TASK DETAILS: Transcribe, starting at the line with "Chess Recordsin perustaja" and ending at the line with "Тесто я буду", every line of the material below exactly, but leave out the pictures and anything outside that span.

MATERIAL FOR THIS EXERCISE:
_ _ _ _

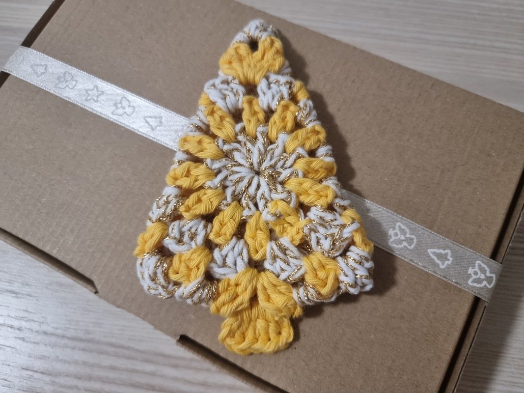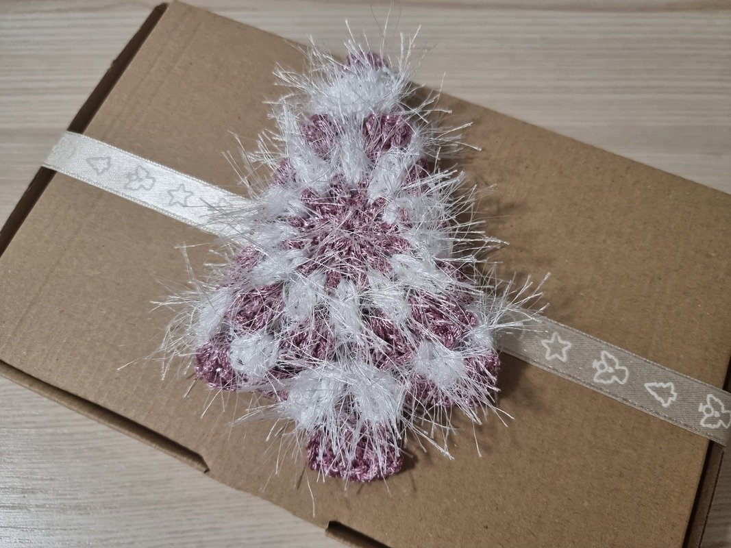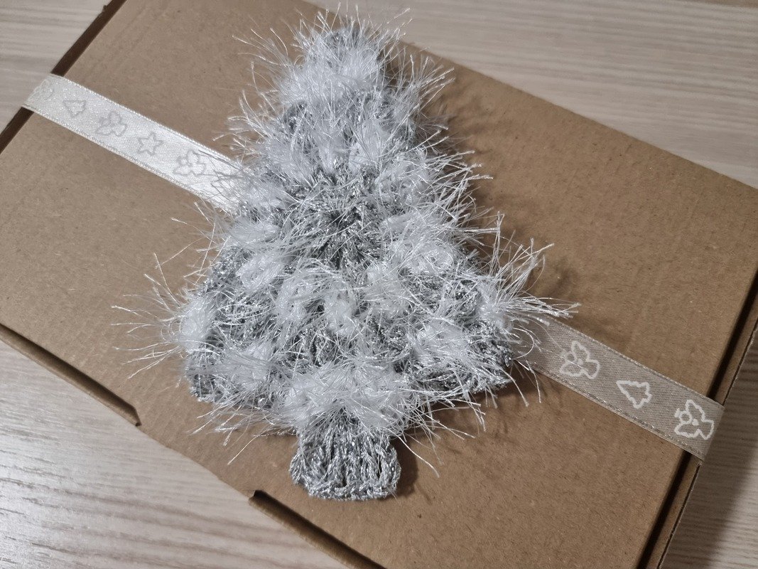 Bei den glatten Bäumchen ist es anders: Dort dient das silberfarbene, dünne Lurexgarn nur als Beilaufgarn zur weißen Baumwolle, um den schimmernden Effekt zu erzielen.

_ _ _ _

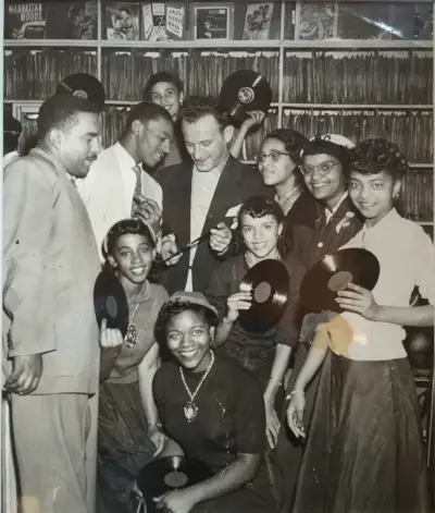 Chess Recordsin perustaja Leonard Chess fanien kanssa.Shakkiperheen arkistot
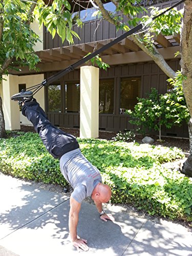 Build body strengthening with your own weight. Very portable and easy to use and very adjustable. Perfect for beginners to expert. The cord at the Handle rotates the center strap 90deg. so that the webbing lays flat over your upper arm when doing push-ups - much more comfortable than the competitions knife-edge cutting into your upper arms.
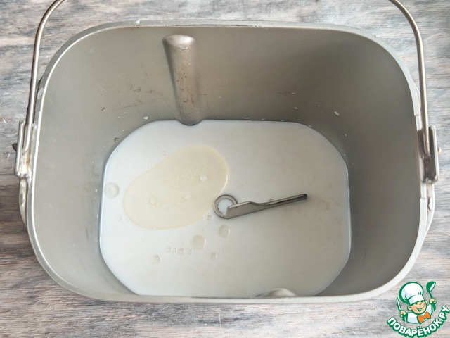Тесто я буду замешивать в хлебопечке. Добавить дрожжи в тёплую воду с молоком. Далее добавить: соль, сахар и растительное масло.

_ _ _ _

YOUR SOLUTION:
 Chess Recordsin perustaja Leonard Chess fanien kanssa.Shakkiperheen arkistot
 Build body strengthening with your own weight. Very portable and easy to use and very adjustable. Perfect for beginners to expert. The cord at the Handle rotates the center strap 90deg. so that the webbing lays flat over your upper arm when doing push-ups - much more comfortable than the competitions knife-edge cutting into your upper arms.
Тесто я буду замешивать в хлебопечке. Добавить дрожжи в тёплую воду с молоком. Далее добавить: соль, сахар и растительное масло.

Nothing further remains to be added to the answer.